Beyonc□, or How We Can All Learn From Other Developers’ Character Encoding Mistakes
I’m sure everyone who reads this blog has noticed, at some point, the result of another developer’s mistake in dealing with Unicode or other character encodings. I’ve had a few issues myself. To the left, you can see how my Napster displayed a Beyoncé song as Beyonc□. You may have seen a black diamond symbol with a question mark in it while browsing a web page, or perhaps other strange symbols when interacting with programs or web pages.

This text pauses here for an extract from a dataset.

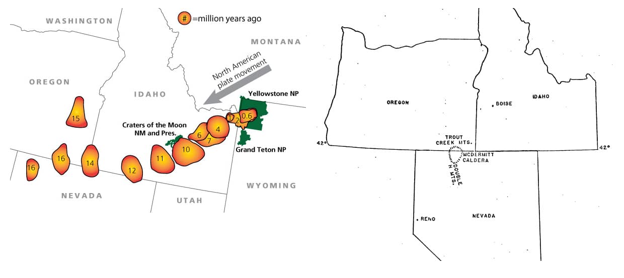 The McDermitt Caldera is the oldest of the many Yellowstone Hotspots, a series of massive volcanoes – both maps – United States Geological Survey – US Geological Survey

Most, if not all of these, are inconsistencies when dealing with character encoding, with most of them being Unicode. Hazarding a guess, Beyoncé’s is likely stored as Unicode (UTF-16) in Napster’s database, but when output on the screen, it is converted down to UTF-8 or ASCII. Either way, it can’t be converted down, so an entity is displayed. There is even a shirt memorializing the problem in T-shirt form:
My issues have been even more low-level than this. I deal with a lot of interaction using EDI with older computer systems running UNIX or or some IBM mainframe OS. None of these are using Unicode for their medical claims adjudication, and are either using ASCII or EBCDIC. Yes, EBCDIC; I have to program using EBCDIC in 2009.
I have to be very careful when I’m converting to and from Unicode, the native format of the string class in .Net, and other character encodings such as ASCII and EBCDIC, and so should you.